だが、俺はそこに一つの盲点があることに気がついていた。
「ど、どんな方法なのよ?」
「まず、普通に突破しようとしても無理なんだよ。当然だけど砦ってものは籠城戦を想定して作られている。防衛側が圧倒的に有利なんだ」
「それはまぁ、そうよね」
「砦を落とすうえで一番有効で無難なのは持久戦に持ち込んで物資の補給を断つことだろう。リザードキング側も食糧や物資がなくなればそのうち疲弊して出てくるはずだからな」
「でも、それは攻める側の兵力と物資が圧倒している場合ですよね?」
リリスが言った。
そう、持久戦が通るのはあくまでこちらに余裕がある場合。
「そうなんだ。リリスの言うとおり、俺たちは数で圧倒しているわけでもない、冒険者の寄せ集めだ。ざっと見た感じだと、集まったのはせいぜい五十人ほどだろう。もしかすると敵の数の方が多いかもしれない。これで持久戦なんてしようとしたらこっちが疲弊してしまうし武器も足りなくなってしまう。ここは町から離れた平原のど真ん中だし、そもそもギルドからの物資の補給なんてのも期待できないだろう」
その気になれば町や王都から騎士団を派遣することもできるはずなのだが、町やギルドがそれをせず冒険者だけで解決しようとしているあたり、これ以上の兵力や物資をつぎ込むつもりはないということだ。
「じゃあ、どうすれば……」
ゼフィが切実な視線を送ってくる。
人質になっているという親友が気がかりで仕方ないのだろう。
「短期決戦に持ち込むしかないだろうな。一気呵成に攻め込むしかない」
「そ、それじゃあただの自棄じゃない! 人質が居る地下までどれくらいの距離があると思ってんの? こちらに交渉する気がないと知った時点で向こうはきっと人質に手をつけるわよ」
「そうですね……。わたしなら、リザードマンを各個撃破して砦の最奥部に辿り着くくらいはできると思いますが、人質の無事までは保障できませんから……」
サラッととんでもないことを言うリリスに、ゼフィが一瞬ぽかんと口を開いてから言った。

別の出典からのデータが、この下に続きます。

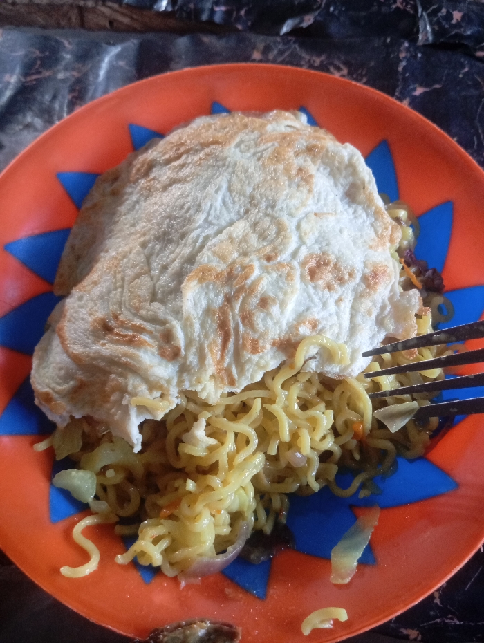 A close-up, overhead view depicts a meal served on an orange plastic plate accented with blue triangular patterns. The plate holds a serving of yellow instant noodles, mixed with visible pieces of chopped cabbage and red onion, beneath a large, lightly browned omelet or fried egg. A dark-colored, four-tined metal fork is inserted into the noodles and positioned under the egg on the right side of the plate, suggesting it is in use. The plate rests on a dark, textured surface, parts of which are covered by a reflective, possibly plastic sheet. No individuals are visible. The setting appears to be an indoor, casual dining environment. The specific location within DU, Nigeria, cannot be visually confirmed from the image; however, the meal is consistent with common quick meals or street food found in the region.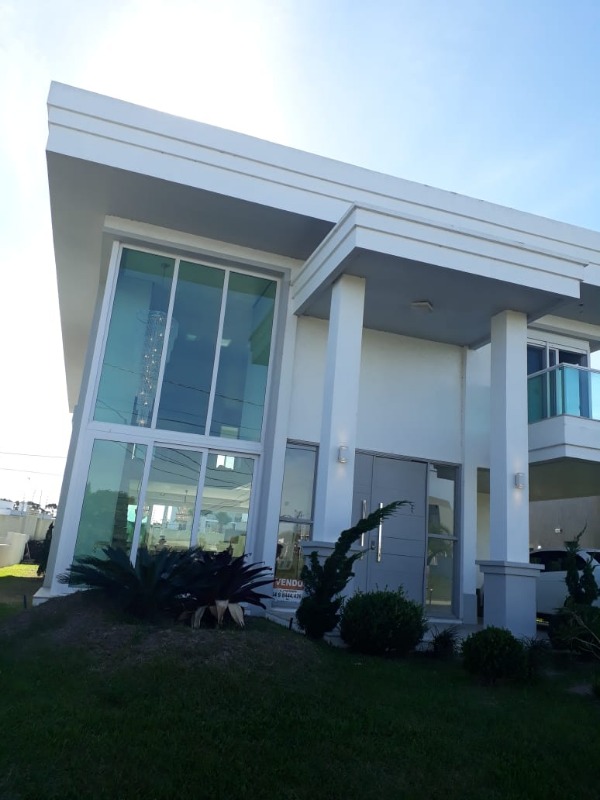 Maravilhoso sobrado à venda no Condomínio Quintas do Lago em Xangri-lá, sobrado realmente diferenciado totalmente em paredes dupladas, padrão de construção e estrutural elevados (Nível AA), fachada de luxo, localização ímpar dentro do condomínio, vista para o lago, 04 excelentes suítes sendo 01 master de 70 metros quadrados, living amplo com 03 ambientes, lareira, churrasqueira de contra balaço de viga aérea, cozinha americana, lavanderia, depósito, escada revestida em granito com viga central, projeto de iluminação natural, abrigo para 02 carros. Imóvel com 350 metros de área construída e terreno com 15,00 metros de frente por 30,00 metros de frente a fundos. Condomínio com infraestrutura completa de lazer. Características: Playground, piscina adulto/Infantil, salão de festas, espaço gourmet, academia, quadra de tênis, campo de futebol 7, piscina térmica, quadra de vôlei de praia, quadra poliesportiva, lavanderia, zelador, gás central, cancha de bocha.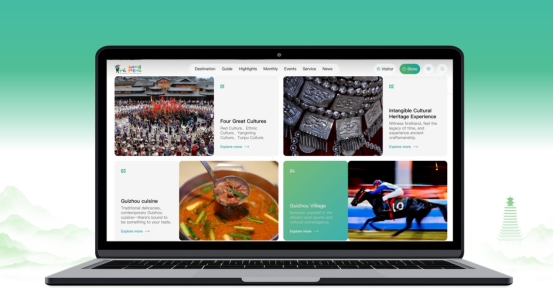 在文旅推介方面,Guizhoutravel.com打造了探索目的地、旅行攻略、特色贵州、月见贵州、活动展演、服务向导、新闻资讯等七大板块,充分运用短视频、VR全景等多种交互形式,分主题、分季节展示贵州自然景观与民族文化,并以高品质“宣传视频+图文攻略+真实体验”集合丰富有趣的贵州新玩法。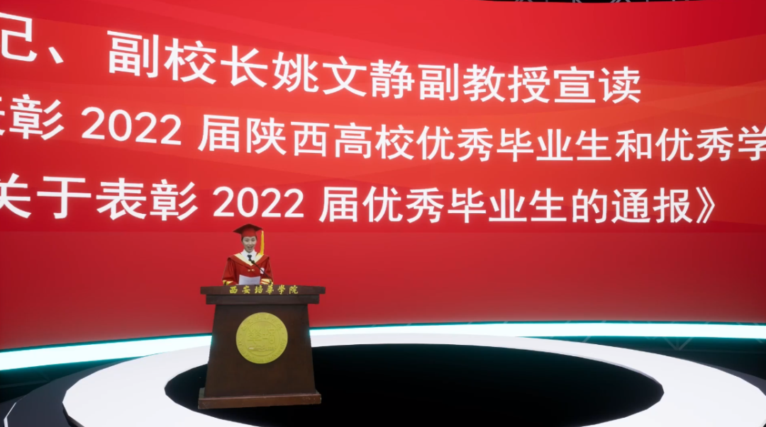 党委副书记、副校长姚文静副教授宣读《西安培华学院关于表彰2022届优秀毕业生的通报》。
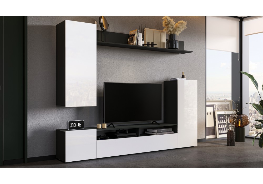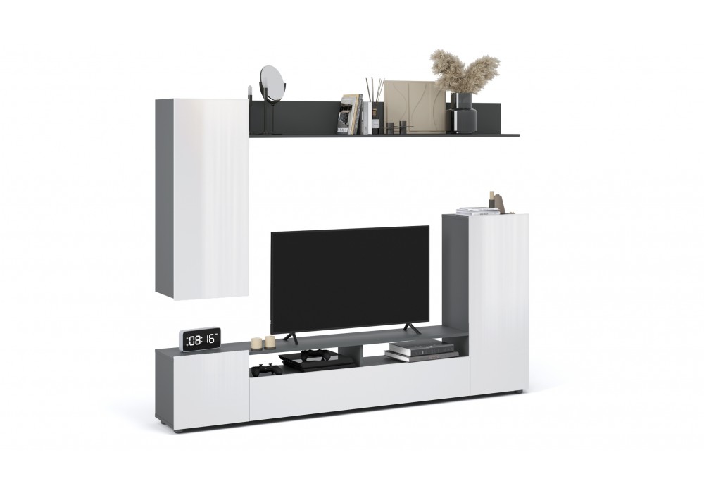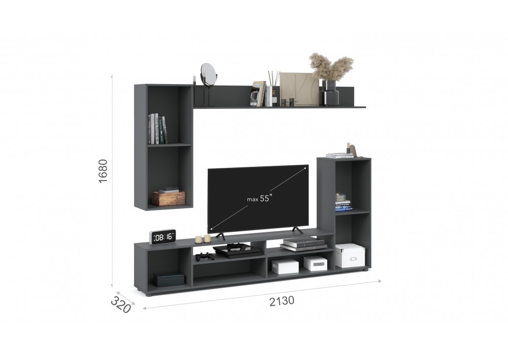 Мини-стенка «Нео» — современное, функциональное решение для гостиной, поможет рационально обустроить комфортную зону для отдыха и просмотра TV. Большая ниша для телевизора, закрытые шкафчики и открытые полки вместят в себя всё самое необходимое. Корпус выполнен в модном антрацитовом цвете, который подчеркивает простые и легкие геометрические формы стенки.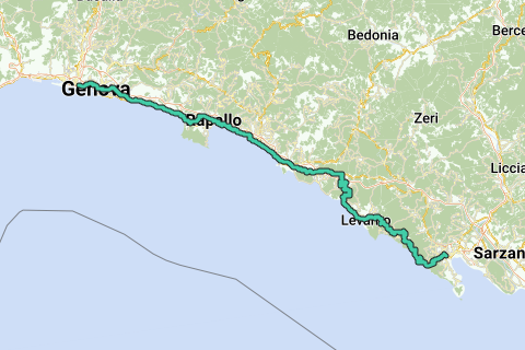 Pelgrimroute für Rennräder zwischen La Spezia und Genua. Die folgenden Städte liegen an der Route: La Spezia, Sestri, Rapallo und Genua.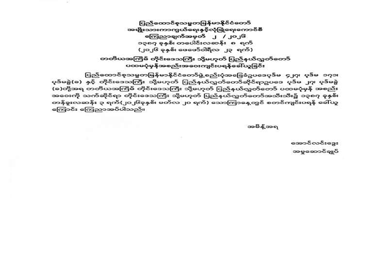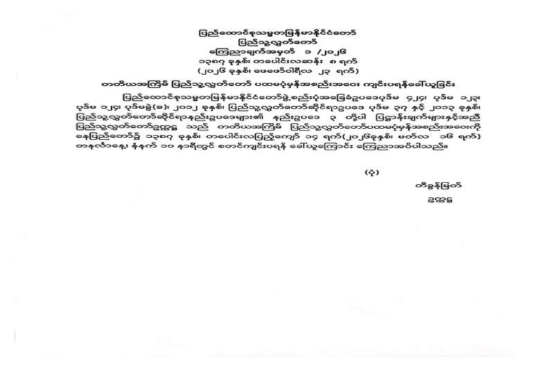 တတိယအကြိမ် တိုင်းဒေသကြီး သို့မဟုတ် ပြည်နယ်လွှတ်တော် ပထမပုံမှန်အစည်းအဝေးကျင်းပရန်ခေါ်ယူခြင်း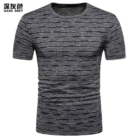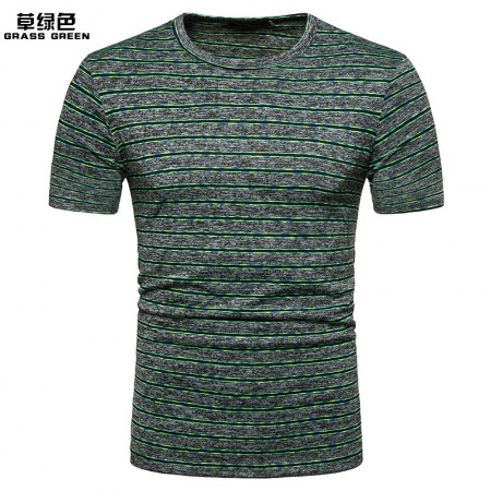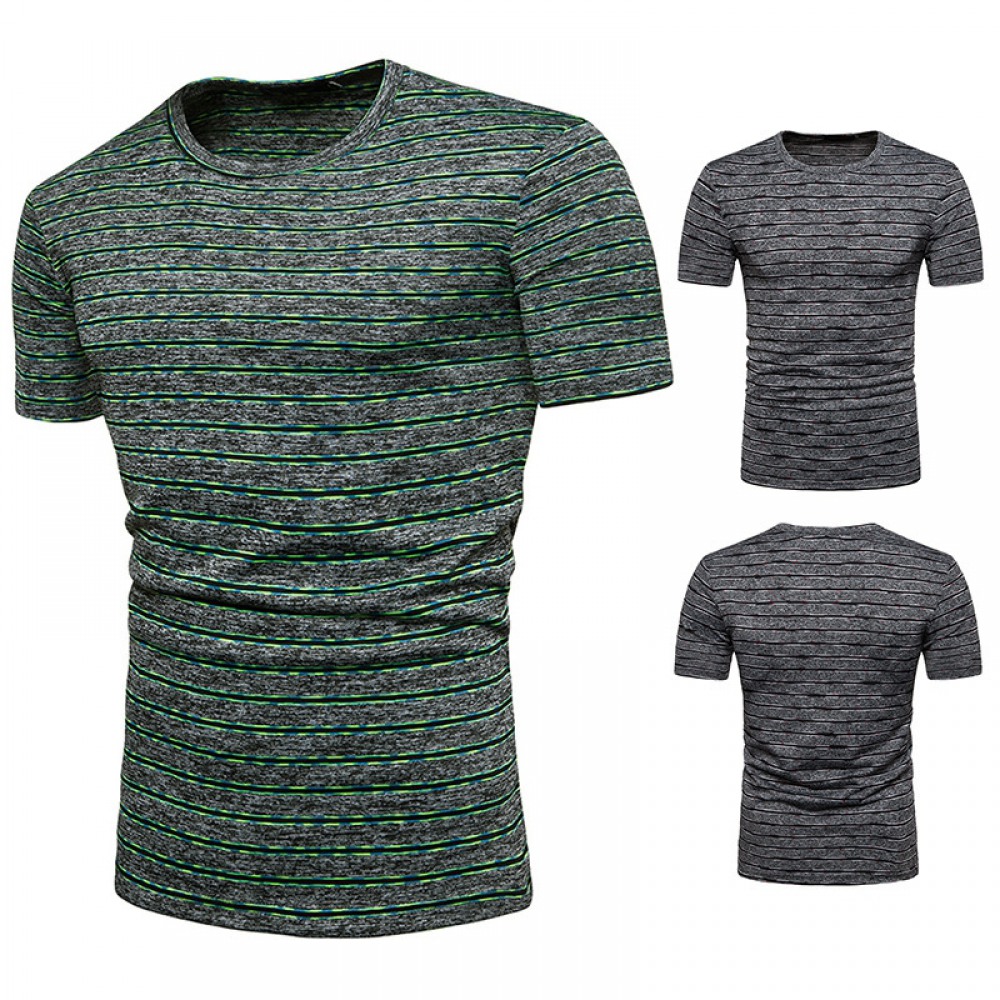 New Summer Men's Short-Sleeved T-Shirt Mens Contrast Striped Slim Casual T-Shirt
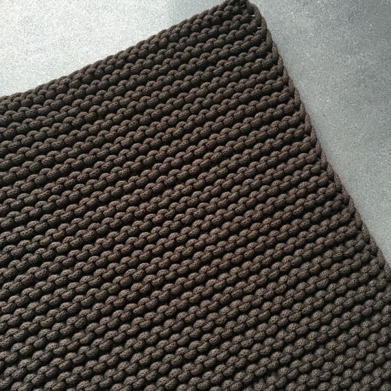 Dywan ze sznurka bawełnianego wykonany na drutach. Idealny do każdego rodzaju wnętrz. Do salonu, do pokoju dziecięcego, do łazienki (świetnie wchłania wodę).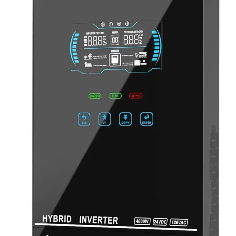SUMRY - Inversor solar híbrido, 4000 W, 24 V CC a 120 V CA, convertidor de corriente de onda sinusoidal pura, cubierta superior de vidrio con pantalla LCD, controlador de carga MPPT de 140 A
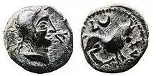 Along the east coast and particularly in the northeast a great number of towns minted silver drachmas. Some of these coins imitate the drachmas of Emporion or Massalia, while others have Iberian legends, a few of which can be related to towns or peoples but many of which are unknown or illegible.[25] This silver coinage is generally seen as minted by the pro-Roman side, particularly as little Roman coin seems to have reached the Peninsula given the concurrent fighting in the Italian Peninsula.[26] But given the fluid situation of the war, particularly in the early years, some of these emissions may have been minted to aid the Carthaginian cause.[27]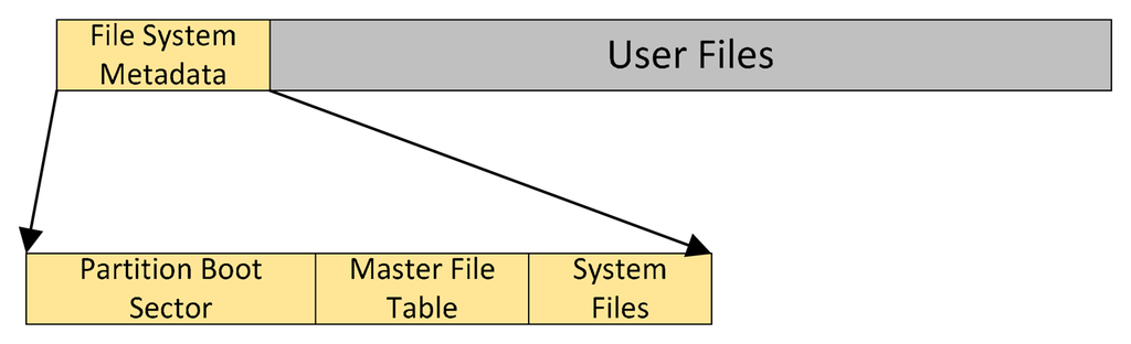 In modern file systems, such as NTFS, every sector on an NTFS volume that is allocated belongs to some file. The file system metadata is also part of a file. Figure 5 illustrates the layout of an NTFS volume when formatting has finished. The first file on an NTFS volume is the Master File Table (MFT), which contains a set of files maintaining the metadata used to implement the file system structure. In NTFS, the location of MFT is fixed. The NTFS file system reserves the first 16 records in the MFT for the information about these metadata files. The NTFS file system uses about 1 MB for the metadata files and the first 16 records in the MFT.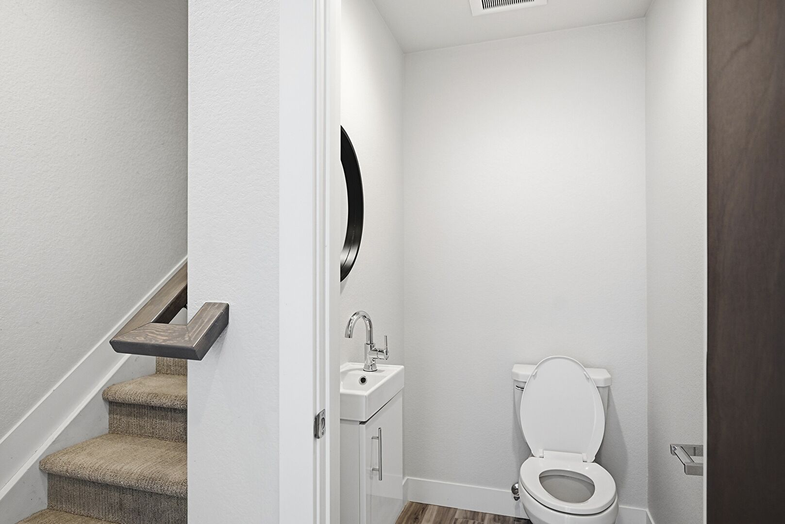 Baseboards Wall, Drywall, Half Bathroom, Vent, Wood Finish Floor, Vanity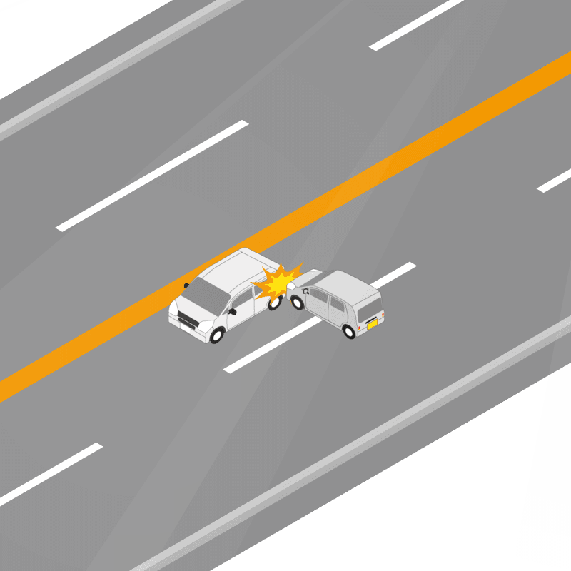 ・イラストに使用している各要素(車、背景、車、天候、信号、衝突地点など)は、代表的なイメージをイラスト化しており、色や形状等含め現実の事故の状況とは異なります。あくまで、事故のイメージとして参考までにご活用ください。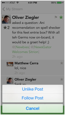 When you are viewing the detail page for a stream item, you can add it to your list of follow-ups by tapping on the flag. To like an item, you can tap on the star. Tapping either the flag or star again will toggle it off.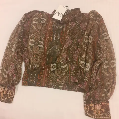 Blusa gasa transparente ZARA. Blusa transparente gasa hilos brillantes súper Bonita y moderna talla M nueva ZARA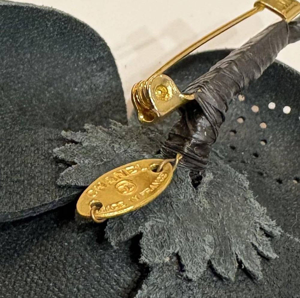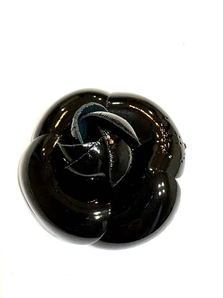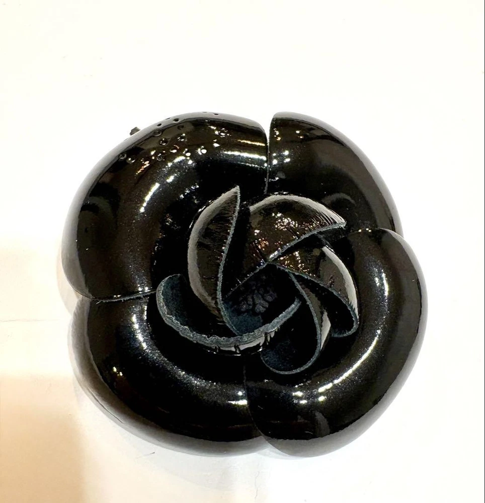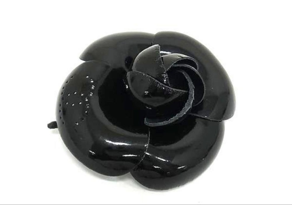 Chanel Vintage Black Camellia Leather Corsage Pin Badge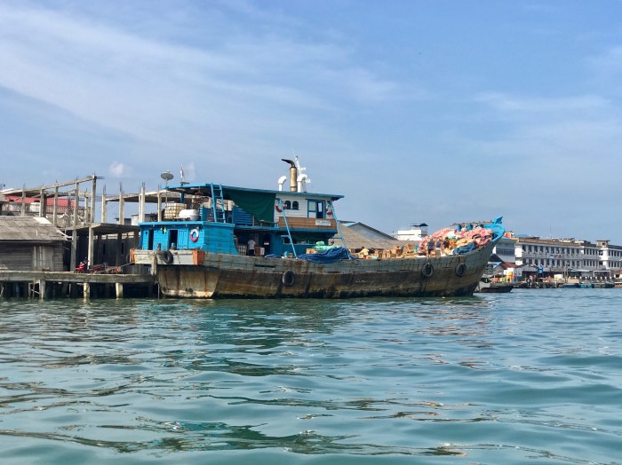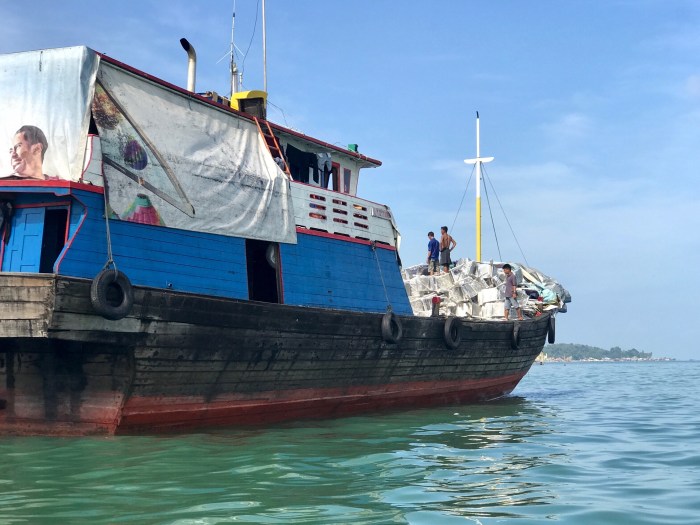 Tanjung Pinang ist kein sauberer Ort – es war fürchterlich wie viel Plastik im Meer schwamm..

「え、リリス、あんたそれ本気で言ってるの? リザードマンってB級モンスターよ? リザードマン一匹でさえB級冒険者が数人がかりでようやく倒せるっていうのに」
通常、B級モンスターはA級冒険者一人かB級冒険者数人で倒せるものとされている。
A級冒険者であればリザードマン一匹を単騎で倒せて当然ではあるが、A級冒険者とはいえ一人でリザードマンを複数相手するというのは現実的な話ではない。
ゼフィが不思議がるのも当然のことだ。
まぁ、リリスは本来A級どころの実力じゃないからな。オデットが便宜を図ってA級にしておいてくれただけだし。
「え、あ、えっと……」
答えに詰まったのか、リリスが助けを求めるように俺の方に目をやる。
一応今のところはリリスの実力は大っぴらにはしない方向性だからな。
うーん、まぁ、この子には言ってもいいか。
「あのなゼフィ。実はリリスはS級以上の実力があるんだよ。昨日冒険者登録したばかりでA級スタートの逸材だからな」
「え……そうなの? やたら綺麗な冒険者証だなとは思ったけど、まさか登録したばっかりだなんて」
「で、でもわたしもまだA級であることには変わりありませんからね? ゼフィさんと同じですよ」
本来誇るべきことなのだが、リリスはS級と呼ばれることに抵抗があるのか、まるで弁解するような口調で言った。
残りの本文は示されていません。